Even though it is unclear if phytoestrogens have a significant impact on your body compared to animal estrogen or synthetic estrogen, to be on the safe side, I recommend skinny men avoid or minimize the amount of soy and flax they consume.

Of all meat, grain-fed meat is the most dangerous as animals that eat grain are typically fed soy (although soy is technically a legume), which results phytoestrogen in the animal. The animal is also typically injected with synthetic estrogen to fatten them up quickly. As a result, grain-fed meat has an estrogen triple whammy: plant estrogen, animal estrogen, and synthetic estrogen. Grass-fed animals raised in a traditional and ethical manner would produce meat that contains only animal estrogen.

Step 3: Consume estrogen blockers

Estrogen is hard to avoid in food.
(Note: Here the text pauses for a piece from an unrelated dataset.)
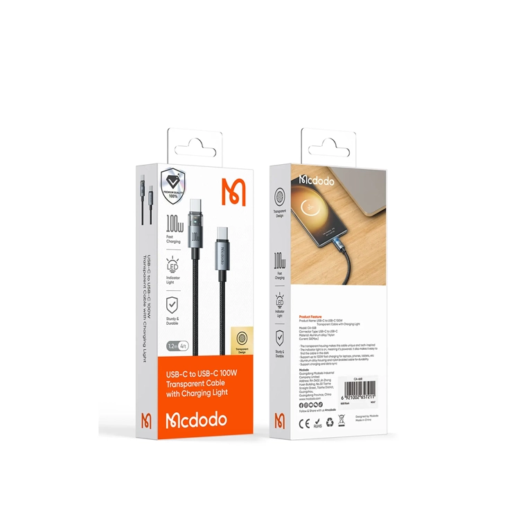 کابل شارژ سریع تایپسی به تایپ سی مکدودو CA-558 | توان 100 وات، 5 آمپر، طول 1.2 متر | iDigie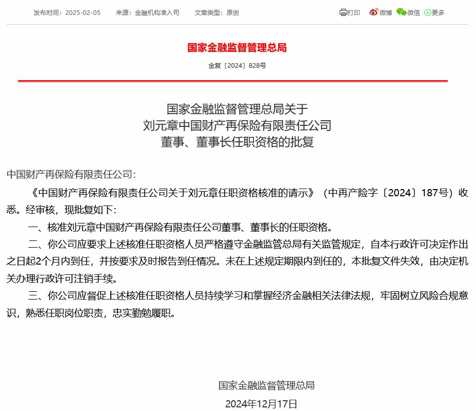 2月5日金融一线消息,国家金融监督管理总局今日发布关于刘元章中国财产再保险有限责任公司董事、董事长任职资格的批复,核准刘元章中国财产再保险有限责任公司董事、董事长的任职资格。

They are highest in concentration in soy, flax, grain-fed meat, and dairy milk. That being said, even if a small amount of estrogen gets into your body, food that contains estrogen blockers can be consumed. These lower the amount of estrogen in your body.

Cruciferous vegetables (mainly green vegetables e.g. kale, spinach, brocolli) are excellent estrogen blockers because they contain DIM (3,3′-diindonylmethane), which helps the liver flush out estrogen from your body. A number of low-fructose fruits also lower estrogen levels. These estrogen-lowering fruits include citrus fruits like lemon and oranges, as well as pomegranate.

Step 4: Create your own mass gainer

As I said earlier, most young men make the mistake of chowing down on protein shakes, thinking they will gain weight. This is a mistake. Not only does a high-protein diet blunt testosterone levels but protein fills you up quickly, which means you will consume fewer calories.

If you look at “mass gainers” in bodybuilding stores, the basic formula for these gainers is about 50% to 70% carbs and the remainder is protein. Rather than buy expensive mass gainers, it is better to simply mix oats (a carb) into vegan protein powder. Oats can be purchased from most supermarkets for almost nothing. For better mixability, it is also possible to buy powdered oats or steel cut oats (although these are more expensive).

A benefit of using oats rather than other carbs (such as maltodextrin) is that oats contain saponins, which are a natural steroid that boosts muscle mass. (Quinoa is another good source of saponins.)